The Biden administration announced that it would grant $235 million in aid, but a third of that is going to refugee-aid agencies, which are in the midst of a serious budget crisis themselves. The rest is to be used to finance development projects, not to cover the PA’s debts.
According to PA figures, Arab aid declined by 85 percent in 2020 to just $40 million. Saudi Arabia made the largest cuts, contributing only $32 million, compared with $175 million in 2019. The most common explanation for the drop is the decline in oil prices, which have deprived the Gulf states of considerable income. But Palestinians are certain that’s not the only explanation. It may not even be the main one.
“The Gulf states wanted to punish the Palestinians for opposing President Trump’s deal of the century,” said one Palestinian economist. “That’s at a time when Qatar continues to give money to Hamas without any problem and with Israel’s encouragement.” When that’s the situation for the Palestinian Authority when it comes the financial support from Arab countries, it’s reasonable to assume that a Gaza Strip under Hamas rule shouldn’t expect any major post-war assistance from its Arab brothers.
The heart of the PA’s economic crisis is the large share of the budget that goes to paying civil servants and security forces. Budget data show that last year, some 6,000 new government jobs were created, increasing costs by 10 percent over 2019. But that’s not the only problem.
Inside the PA, there has long been a stormy controversy over the distribution of salaries, especially in the security forces. Figures posted on the Fatah movement’s information website show that about 20 percent of the budget goes to the security forces. Of that 20 percent, 83 percent goes to salaries. More troubling is that of that 83 percent, about 63 percent goes to officers’ pay, which is on average about six times that of ordinary police officers and junior members of the security forces.
The need for salary reform, particularly in the security forces, has been the subject of countless articles in the Palestinian media. But in practice, due to the domestic political situation and the absence of a parliament to oversee the budget, an administrative revolution doesn’t seem to be in the offing.
Hamas, by contrast, is exempt from criticism over its budgetary conduct. The aid promised by the Arab world following the war in 2014 and the agreements on rehabilitating Gaza for the most part remained on paper. This time, it will be a lot more difficult to raise new funds and even more difficult to recruit investors to rebuild the factories that have been destroyed or to build new ones.

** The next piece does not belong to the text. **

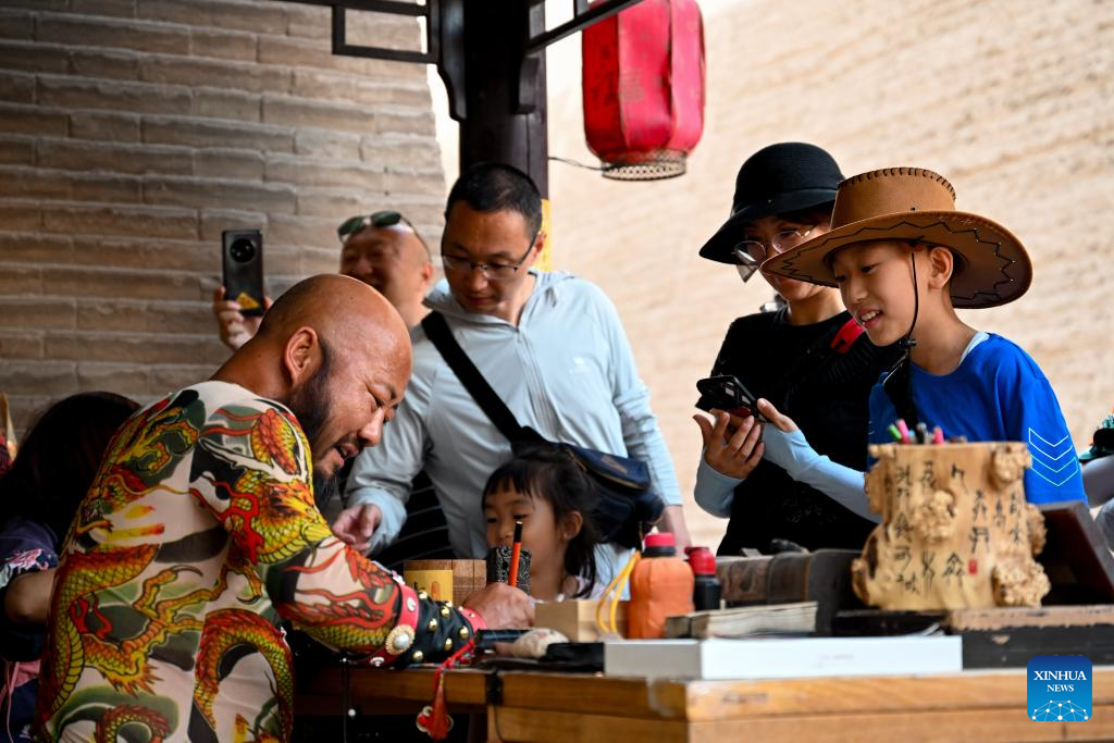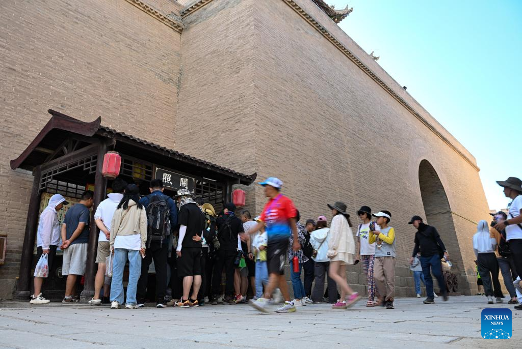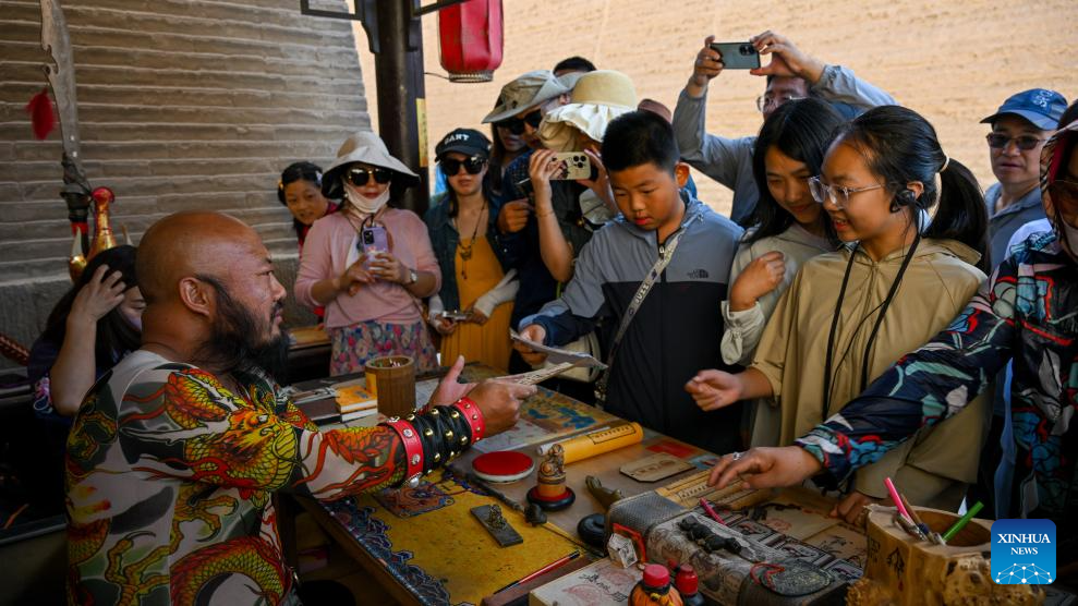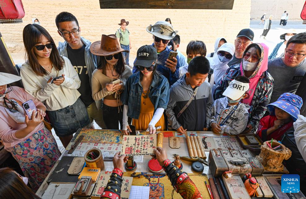 Visitors buy ancient "visas" at Li Sen's stall at the Jiayu Pass scenic area in Jiayuguan City, northwest China's Gansu Province, July 14, 2023.

But after Israel finishes delivering another blow to Hamas, it won’t be able to evade responsibility for helping Gaza recover economically. Construction of a new power station, increasing the number of permits for Gazans to work in Israel and even building a new port aren’t just a humanitarian act. They’re a critical economic step. They are what could delay the next round of fighting, which could easily end up breaking out against the backdrop of economic distress.